Collection entries
_ _ _ _

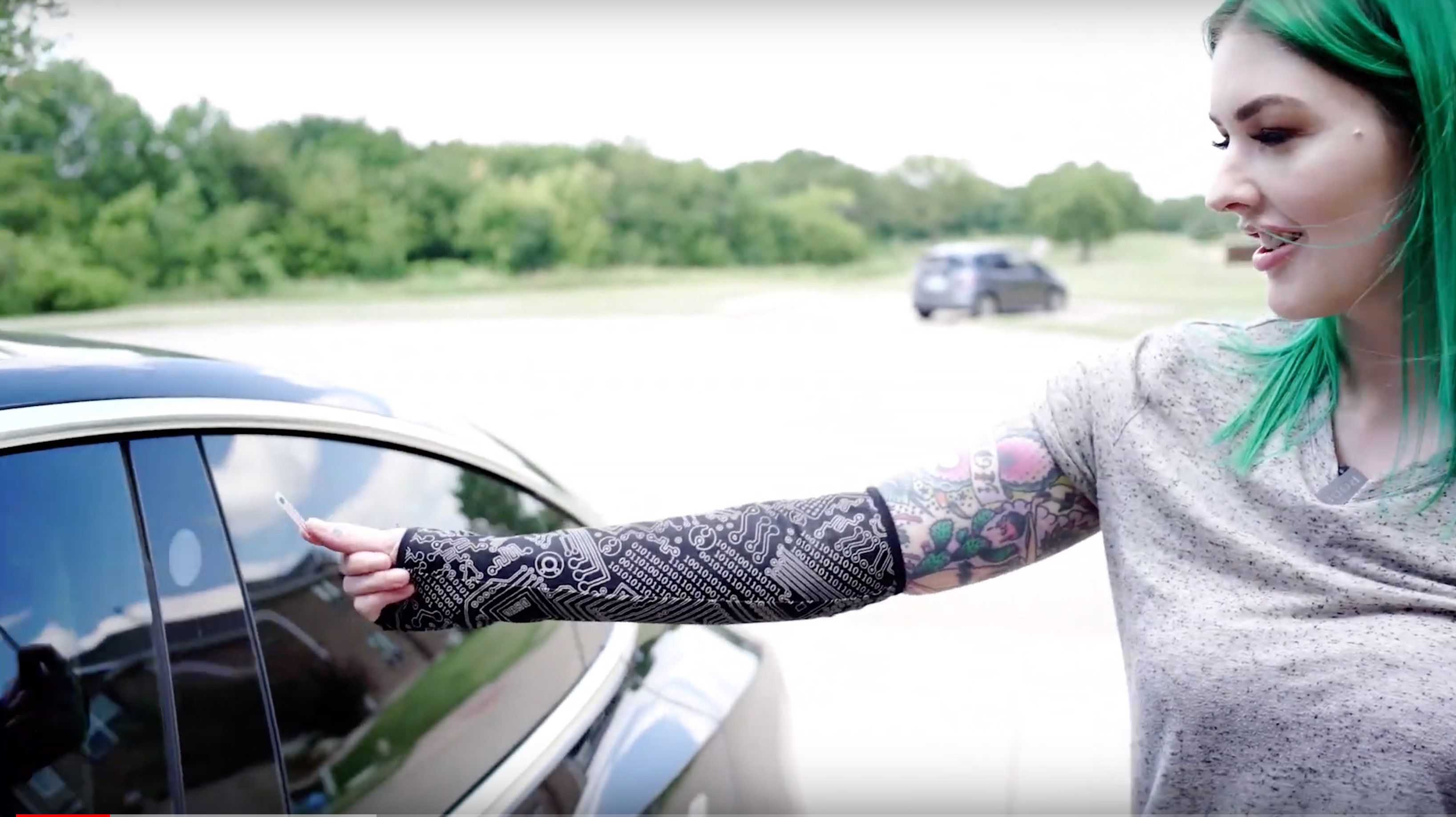 Фактично, ця молода жінка уособлює нове покоління людей з інтегрованою в тіло електронікою. Радіочіп у її руці робить те, що ми тільки звикаємо виконувати за допомогою смартфонів.
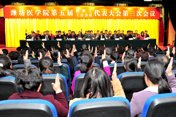 在第二次全体会议上,代表们举手表决通过了关于校长工作报告的决议、关于学校财务工作报告的决议、关于工会工作报告的决议、关于工会经费审查报告的决议、关于浮烟山校区修建性规划(调整)方案的决议。
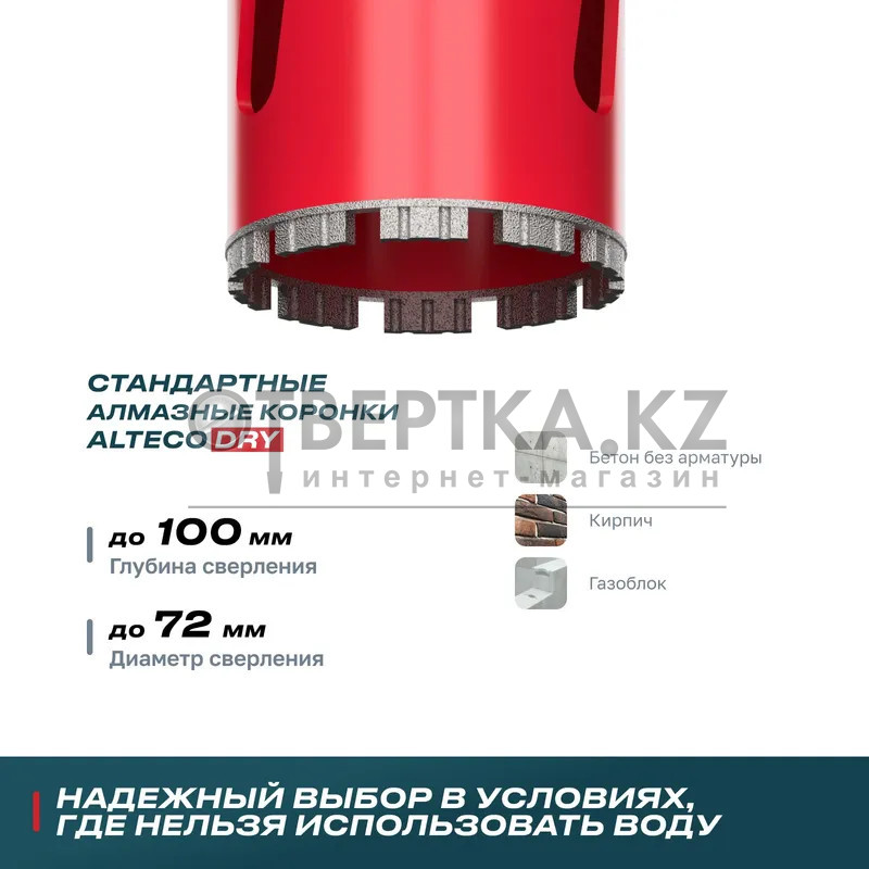 Алмазные коронки ALTECO DRY стандартная серия для сухого сверления. Предназначены для работы с бетоном и кирпичом в условиях, где нельзя использовать воду, например, в жилых помещениях или на высоте. Такой подход позволяет избежать лишней грязи, упрощает уборку и делает процесс более удобным.
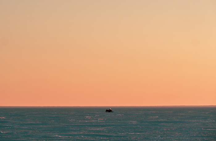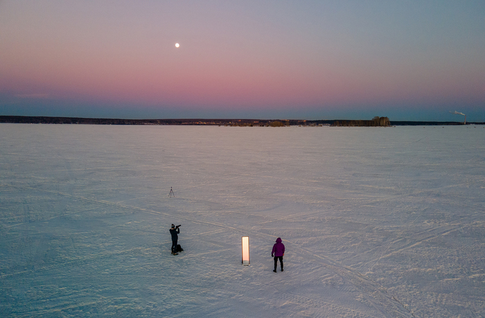 Хотелось бы отметить, что сочетание огромного белого открытого пространства вокруг, огненно-оранжевый градиент с одной стороны, розово-фиолетовый градиент с полной Луной с другой стороны, делали освещение вокруг просто фантастическим. Я ещё никогда не встречал подобного света за свою "фотожизнь" и был счастлив как ребёнок. Спасибо товарищу, спасибо идеальным погодным условиям в нужный день.
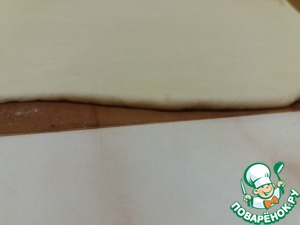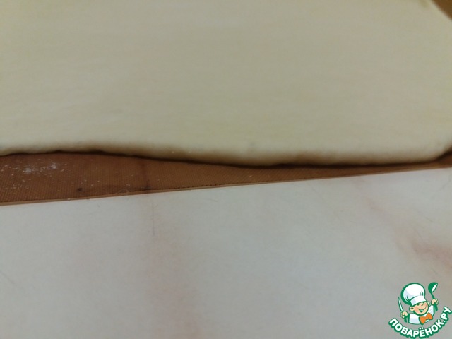 На подпыленную мукой поверхность кладем тесто и раскатываем до 3-5 мм (я раскатывала на пергаменте, чтобы проще было тесто перенести на противень)
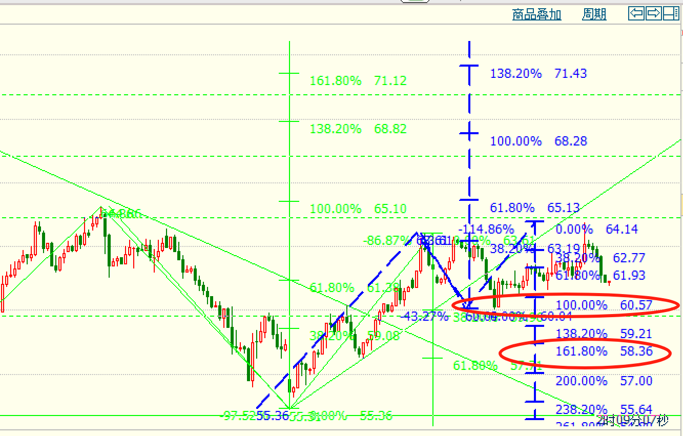 美原油,55双底大涨63以上后,短线65受阻回落,昨日最低60大关一线,短线如期回落,关注调整后再涨!

_ _ _ _

EXERCISE AIM
Would you transcribe, exactly and only, the lines from the one that contains "На подпыленную мукой" through the last line of the data above, without any pictures?

EXERCISE SOLUTION
 На подпыленную мукой поверхность кладем тесто и раскатываем до 3-5 мм (я раскатывала на пергаменте, чтобы проще было тесто перенести на противень)
 美原油,55双底大涨63以上后,短线65受阻回落,昨日最低60大关一线,短线如期回落,关注调整后再涨!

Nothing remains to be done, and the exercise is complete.